Quand on coule et touche le fond, il y a deux possibilités : soit on s’enfonce, soit on rebondit. Sous la Guinée de Mamadi Doumbouya, le gouvernant creuse davantage et nous engloutit quotidiennement dans les abysses de la médiocrité et de la cupidité.

La stratégie de la junte militaire est au fond simple : multiplier les mesures liberticides les unes après les autres pour vérifier comment elles seront accueillies par le public. C’est ainsi que le brouillage des ondes, les nombreuses restrictions de l’Internet et le sabotage de certains médias se sont imposés aux Guinéens sans toutefois émouvoir outre mesure et rencontrer une résistance proportionnelle à l’affront fait à notre démocratie.  

A peine a-t-on le temps de s’indigner d’une mesure liberticide qu’arrive une autre tout aussi loufoque que la précédente si ce n’est plus. On a donc assisté, médusés, au retrait des agréments des Groupe Hadafo, GFM et Djoma le mercredi 22 mai dernier, puis au retrait des fréquences de ces médias sur instruction de l’Autorité de Régulation des Postes et Télécommunications suivi du démantèlement des équipements de ces médias par son Directeur Général.

Le monarque Mamadi Doumbouya a pour l’heure réussi le pari de saper les fondements de la liberté de la presse-le droit d’informer et de s’informer- en faisant allègrement de la Guinée une prison à ciel ouvert et de ses compatriotes ses vassaux.

L’observation faite par une certaine partie de mes compatriotes m’a exaspéré au plus haut point. J’en ai souffert des jours durant sans décolérer. De loin, j’ai observé un peuple fataliste et résigné, disposé à étreindre de toutes ses forces la dictature. Un peuple prêt à tout accepter, surtout l’absurde.

 J’ai eu le cœur serré pour Aboubacar Diallo, Lamine Guirassy mais aussi pour Kalil Oularé quand j’ai vu certains de mes compatriotes leur proposer de faire une télé web en lieu et place de les aider à reconquérir leurs droits arrachés de haute lutte. J’ai vu des compatriotes s’en prendre à et se moquer de Jacques Lewa, Tamba Zackarie, Mohamed Mara et d’autres victimes, justifiant cela par l’existence de « VAR » les engageant oubliant qu’en situation d’injustice, c’est un devoir de s’aligner systématiquement sur l’opprimé. J’ai été ahuri par la rhétorique insipide et lâche de certains artistes qui marchaient sur des œufs en exprimant leur soutien et leur compassion à Lamine Guirassy. Que d’hypocrisie ! J’ai été abasourdi par la réaction du président de l’Urtelgui qui, s’en remettant au seigneur, a opté pour la négociation, mais quelle indignité !

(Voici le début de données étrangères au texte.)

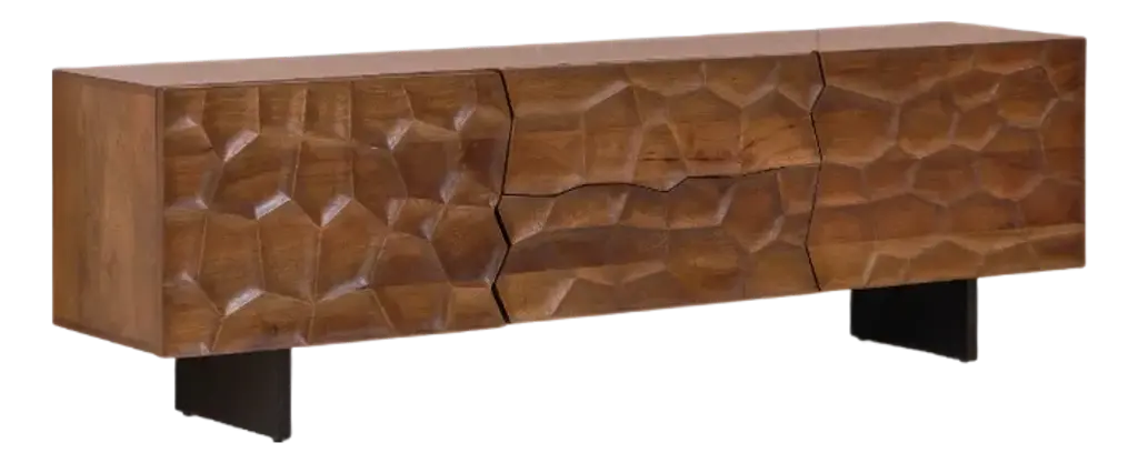The Drevalen Three Drawer Wood Sideboard by LOOMLAN offers a perfect blend of style and functionality for any home. Crafted from quality wood, it features a rich brown finish that adds warmth and elegance to your living space. The geometric textured front gives it a modern touch, making it not only a practical storage solution but also a stylish piece of furniture. Its sleek, black legs provide a stable foundation while enhancing its contemporary design. This sideboard is an ideal addition to dining areas, living rooms, or entryways, providing ample storage space for your essentials. Drevalen Three Drawer Wood Sideboard With Drawers Features: Overall Dimensions (WxDxH): 69 x 16.5 x 31 Color: Brown Material: Wood Design: Modern Front: Geometric textured Shape: Rectangular Legs: Black Storage: Three drawers Style: Fits various decor styles Use: Ideal for dining areas, living rooms, entryways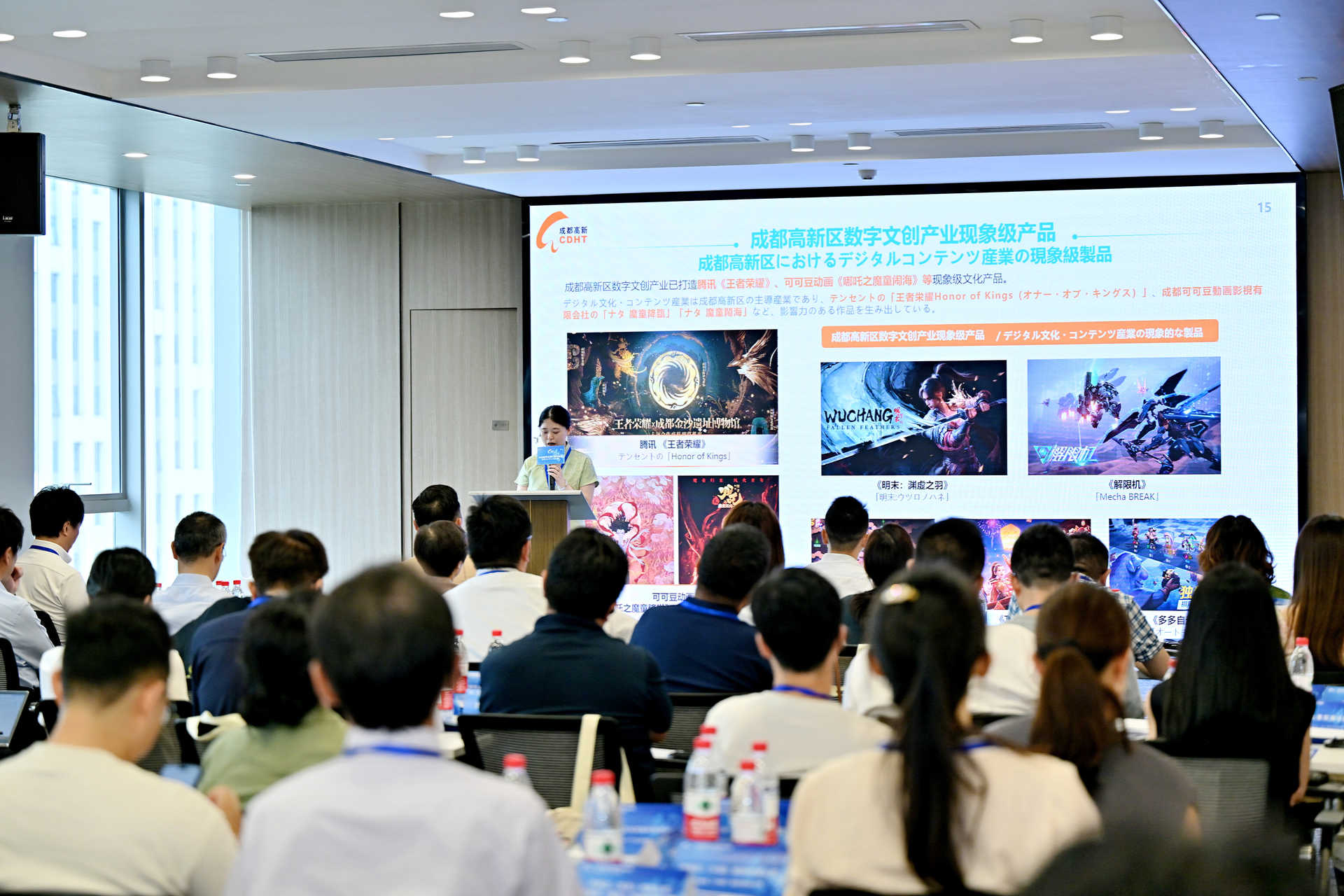活动现场,中日(成都)地方发展合作示范区中日会客厅相关负责人推介了示范区发展成果,详解“政策扶持+载体支撑+生态共建”的全链条服务体系,展现对日合作的平台优势。成都高新区数字经济局相关负责人介绍了片区数字文创产业规划,从关键技术研发补贴、游戏出海发行奖励到场景共建支持,为企业落地发展提供了清晰指引。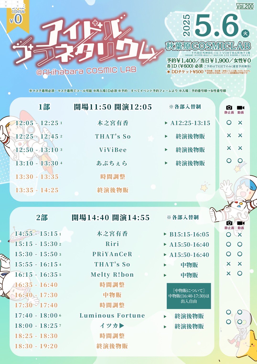 2025年5月6日(火) 1部 開場11:50 開演12:05 /2部 開場14:40 開演14:55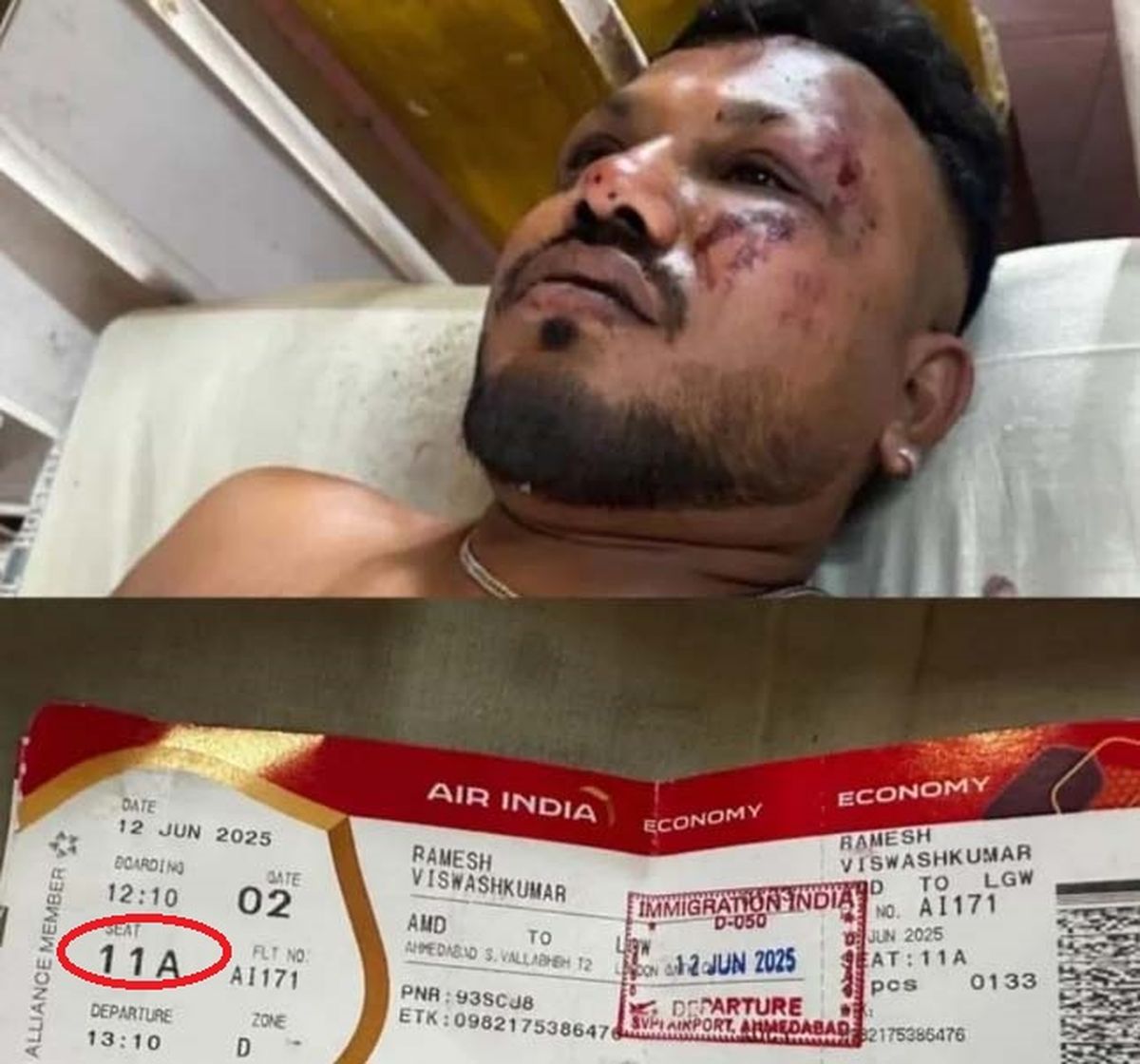 El único pasajero hallado con vida es un ciudadano británico de 40 años, que se encontraba en la India visitando a su familia. El hombre fue rescatado con vida y todavía conservaba su pasaje, en el que se podía leer que viajaba en el asiento 11 del Boeing 787.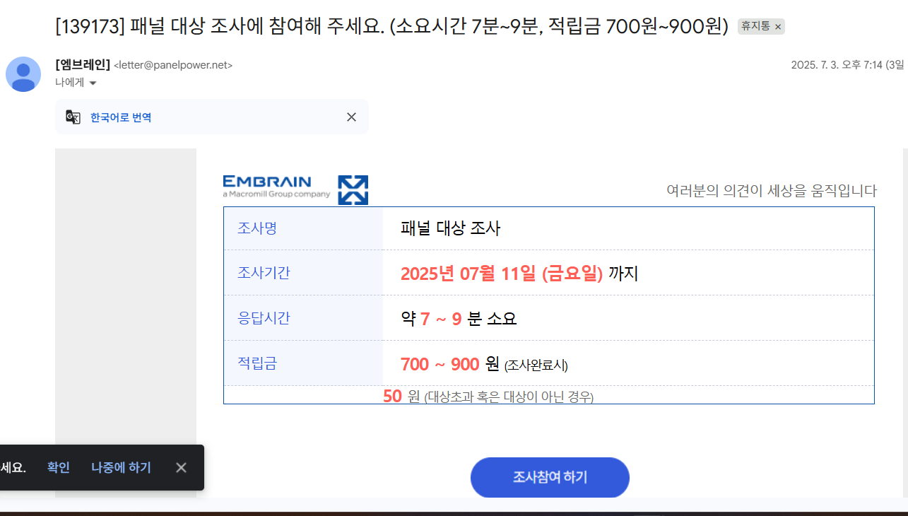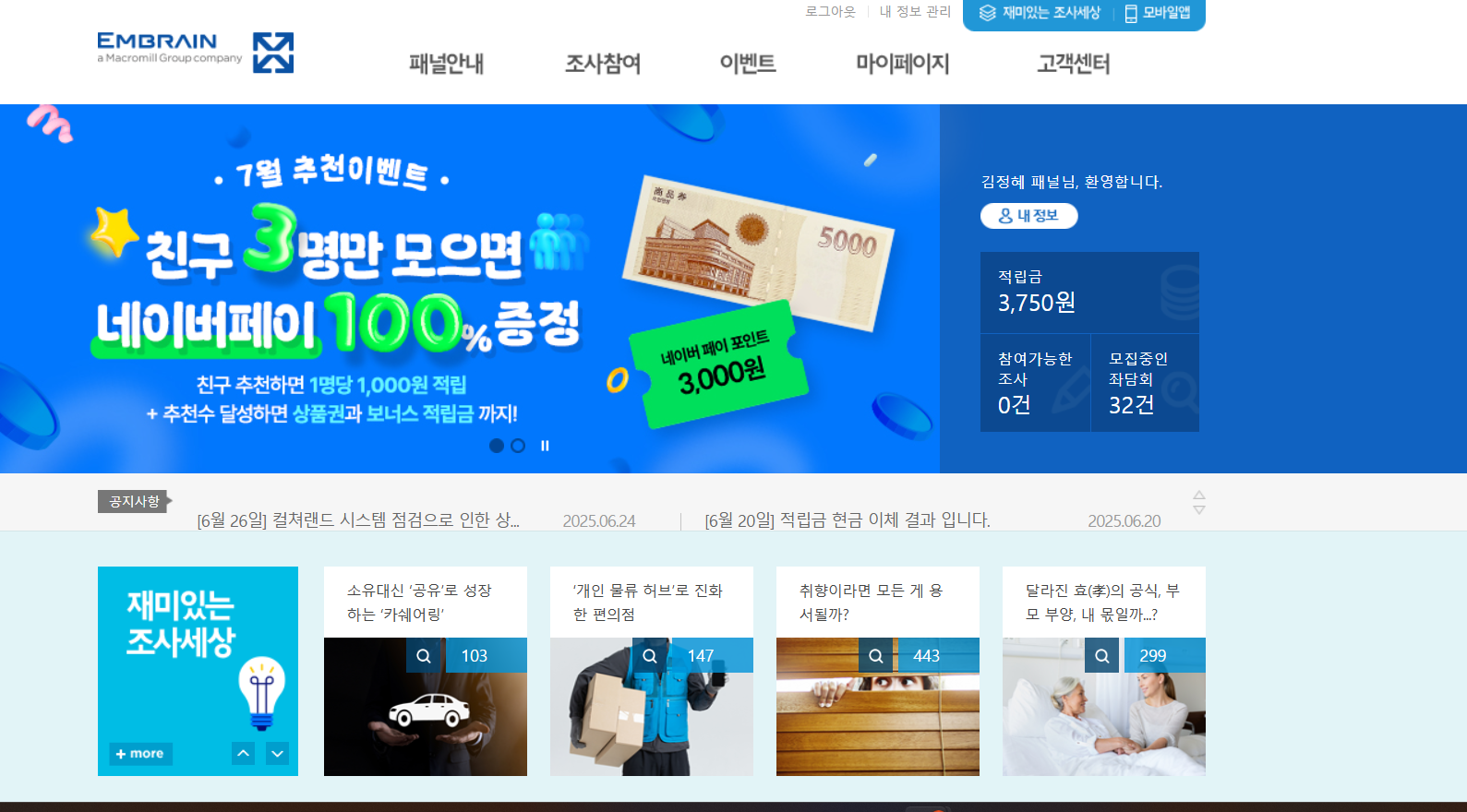 그중 패널파워 설문조사알바는 엠브레인에서 운영하는 신뢰도 높은 서비스로,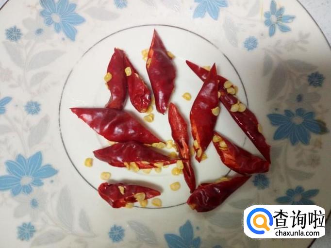 红干椒用水清洗干净,控干水分,斜刀切成对半。切好葱,姜,备用。

Au même moment, j’apprenais que la bibliothèque vivante, le doyen MONENEMBO, s’était fait subtiliser son ordinateur qui contenait un manuscrit qu’il a mis trois ans à rédiger. Je fus envahi d’une immense tristesse. Que dire des accointances avec le pouvoir et certains de nos compatriotes qui combattent l’injustice et qui militent pour le retour diligent à l’ordre constitutionnel. La nuit, ils sont amis conseillers, griots, courtisans et lèche-bottes, des personnes qui ont bénéficié de décrets de la junte. Le jour, ce sont des combattants farouches de la démocratie et de la lutte contre la corruption.

 L’ignorance, l’obscurantisme, l’avidité, la cupidité, le larbinisme, la bassesse, voilà quelques-uns des traits caractéristiques de certains de nos compatriotes. Des thuriféraires des laquais de tout poil, complètement aveuglés par le gain facile et animés d’une complaisance incurable. Cette catégorie de Guinéens ne mérite que des individus corrompus qui compromettent l’avenir du pays. Des bourreaux qui sucent son sang, nous offrent une école au rabais, jettent la jeunesse guinéenne dans les fonds marins de la Méditerranée. Cette partie toxique du peuple n’aspire pas à construire une société meilleure. Elle aspire uniquement à profiter d’un système tordu qu’elle a tout intérêt à voir s’enraciner durablement pour satisfaire sa cupidité. Le salut viendra inéluctablement de la partie saine de ce peuple. C’est pourquoi il ne faut pas désespérer de la Guinée, et bien au contraire garder espoir, en s’armant de la même détermination qu’ont aujourd’hui les démocrates et patriotes du pays.